Sunday’s game pitting the Buffalo Bills against the Cincinnati Bengals was supposed to be the game that banished all of the Bills’ ghosts past, present and future. It was going to expel the ghost of quarterback great Jim Kelly and other Buffalo greats who redefined “coming close but getting no cigar” by making eight playoff appearances in 11 years and enduring four consecutive Super Bowl losses from 1990 through 1993.
It was going to build on the good vibes that were evident throughout Bills Nation by the gradual recovery of Damar Hamlin, the team’s safety who collapsed with a heart attack after making a routine tackle during a regular season game against these same Bengals. The region and, indeed, millions around the world watched his slow and unsteady recovery even as Buffalo dedicated the rest it their season to their comrade.
The world did more than watch, however, as more than $9 million in contributions was raised for Hamlin’s charitable organization, Chasing M’s Foundation. Hamlin was at the game to thank everybody and support his teammates on this, another snow-packed day in Buffalo.
Weather-wise, Hamlin picked a doozy of a day to make his appearance. Buffalo is one of those teams based in America’s “Northcoast”—think Cleveland, Green Bay, Chicago, Minneapolis—who love nothing more than mucking around in the snow. And while Cincinnati isn’t exactly Miami or Los Angeles, it is a southern Ohio border town and is practically in Kentucky. No, chalk up weather conditions as another of Buffalo’s supposed allies on this day.
And it snowed, alright. The City of Buffalo had survived a blizzard in December, but its beloved Bills couldn’t survive the blizzard of passes and touchdowns poured down on them by the Bengals. At the end of the game, it wasn’t the Bills making snow angels on the field but the Bengal’s defense after intercepting a pass thrown by Bills quarterback Josh Allen.
The Bengals won 27-10, which was not how the football gods were supposed to operate on this day. This was not what destiny had seemed to be offering a Buffalo team that, prior to Sunday, were 13-1 at home in the playoffs—the greatest home winning percentage in NFL history—and were favored by 7 ½ points over Cincinnati.
After the game, Bengals coach Zak Taylor fielded numerous questions that certainly seemed to probe around the edges of what it felt like to come in as an underdog and beat the odds against Buffalo. Taylor saw right through the carefully worded questions and addressed the underdog narrative head on.
“Everybody wants to create a narrative we lack confidence. We’re very confident,” said Taylor. “It doesn’t matter what anybody thinks about us. We don’t care who’s favored, who’s not. We’re built for this.
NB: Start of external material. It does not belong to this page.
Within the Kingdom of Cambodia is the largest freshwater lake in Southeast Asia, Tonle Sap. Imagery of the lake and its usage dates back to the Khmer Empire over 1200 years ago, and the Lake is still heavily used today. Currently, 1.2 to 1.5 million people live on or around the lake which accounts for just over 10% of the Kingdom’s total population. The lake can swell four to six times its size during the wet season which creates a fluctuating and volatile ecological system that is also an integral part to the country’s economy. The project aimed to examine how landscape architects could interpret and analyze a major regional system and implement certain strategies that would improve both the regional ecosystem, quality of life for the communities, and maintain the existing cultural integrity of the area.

We have leadership at every position.”
And how did Taylor want his troops to view their task of beating the Bills and their 13-1 home playoff record?
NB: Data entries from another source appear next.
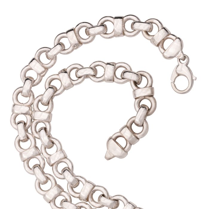 Bewegliche Zwischenglieder lassen die Kette am Hals gut liegen. Ein großer Karabiner dient als Verschluss.
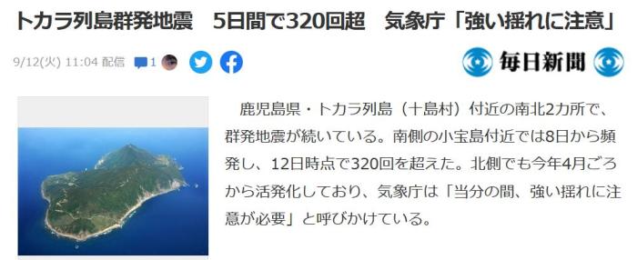 9月8日至12日,日本鹿儿岛县吐噶喇群岛持续发生地震,5天内地震超320次。图片来源:日本《每日新闻》报道截图
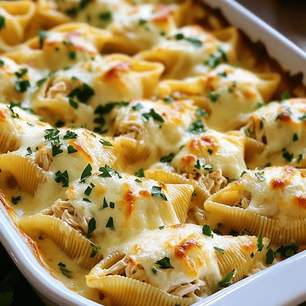 for all the details! {{image_4}} You can switch up the protein in Chicken Alfredo Stuffed Shells easily. Ground turkey or beef works well. Both give a rich taste and fit well in the shells. If you want a lighter option, ground chicken is great too. For vegetarian options, you can use mushrooms or spinach. They add flavor and nutrients without meat. Tofu is also a good choice. It soaks up the sauce nicely and adds protein. You can play with the sauce to create different flavors. Try adding garlic or herbs to the Alfredo sauce. This gives it a fresh taste. You might also enjoy a white wine cream sauce for a twist. Adding roasted vegetables to the sauce works wonders too. Think peppers, zucchini, or even spinach. This makes the dish colorful and healthy. Cheese can change the whole vibe of your dish. You can mix in different cheeses like fontina or gouda. These cheeses melt beautifully and add a new flavor. If you want a lighter option, try part-skim mozzarella. For those who avoid dairy, vegan cheese is a great alternative. Look for brands made from nuts or soy. They can also melt well and taste great. To store Chicken Alfredo stuffed shells in the fridge, let them cool first. Place them in an airtight container. Keep them in the fridge for up to three days. For best freshness, cover the top with a bit of extra Alfredo sauce. This keeps the shells moist and tasty. To freeze stuffed shells, first let them cool completely. Then, place them in a single layer on a baking sheet. Freeze until solid, about two hours. After that, pack them in a freezer-safe container or bag. They can last for up to three months in the freezer. When you’re ready to eat, thaw them in the fridge overnight. Reheat in the oven at 350°F (175°C) for about 25 minutes. Cover with foil to avoid drying out. Enjoy your delicious meal again! Can I use non-dairy substitutes? Yes, you can! Use non-dairy cheese and a plant-based Alfredo sauce. This keeps the dish creamy without dairy. How long does it take to cook from frozen? If you cook from frozen, add about 15 to 20 minutes to the baking time. This ensures everything heats through well. What can I serve with Chicken Alfredo Stuffed Shells? These shells pair great with a fresh green salad or warm garlic bread. Both options add balance to your meal. Why are my shells falling apart? Overcooking the pasta shells can cause this. Make sure to cook them just until al dente. How can I prevent the filling from spilling out? Don’t overfill the shells. Fill them just enough, but leave some space at the top. This helps keep the filling secure. What's the best way to know when it's fully cooked? Check if the cheese on top is bubbly and golden brown. You can also insert a knife to see if it’s hot inside. Can I make this dish ahead of time? Absolutely! You can prepare the shells and store them in the fridge. Just bake them when you're ready to eat. For details, check the Full Recipe. In this article, we explored how to make Chicken Alfredo Stuffed Shells. We covered the key ingredients, including pasta shells, chicken, and cheeses. I shared clear steps for preparation, filling, and baking. We also discussed tips for perfecting your dish and variations to suit your taste. Remember, cooking is fun and can be creative. Don't hesitate to try new flavors or ingredients. Enjoy your delicious stuffed shells and share them with friends and family!](https://joymealplan.com/wp-content/uploads/2025/07/ca290995-1373-40bc-abd5-a22e15d03aa0.webp)
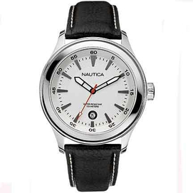 Nautica, a modern American classic, offers quality, design and value while capturing the essence of an active, adventurous and spirited lifestyle. Silver case. Black leather watchstrap with white stitching. Round silver dial with date. Colour... Read more
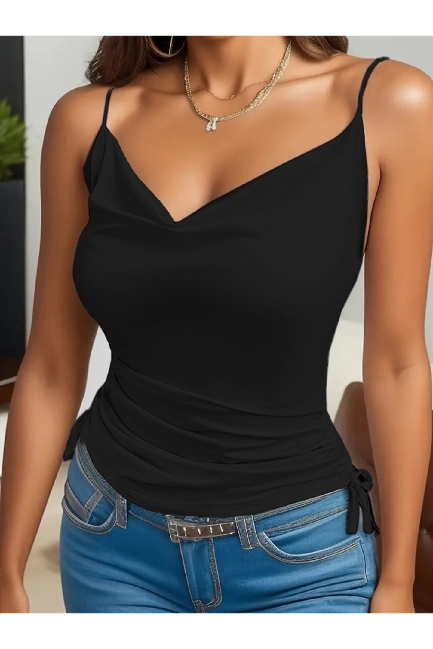 mall of gkc Kadın Askılı Degaje Yaka Yanlardan Büzgülü Sandy Bluz

Some might have sought to ignore the statistic altogether, but Taylor decided to draw his team’s attention to it. “I wanted to show that number to the team because I knew what it would do to them,” he explained. “It wouldn’t put fear into them that we were walking into that environment that people don’t win in. It would be the opposite… We had to beat them one time in a row.”
One time in a row.
The Bengals looked at that statistic of 13-1 and focused not on the 13 but on the one, as in the one game they had to find a way to beat their so-called destiny. And so they did what the smart money thought they most likely would not do: they ran in the snow and passed in the snow and tackled in the snow until, with all of the Northcoast and much of the world rooting against them, they read their lines from a different script than the rest of us and won.
Destiny, it would seem, is far more amenable to our input than is usually thought, and how we react to the narrative into which we have been written is ours to choose. Buffalo might bounce back next year and make another run that brings glory and restores honor to its fans. Let’s hope so!
But if this happens it will likely be because they’ve mastered the one challenge that matters most: the one in front of them at that moment.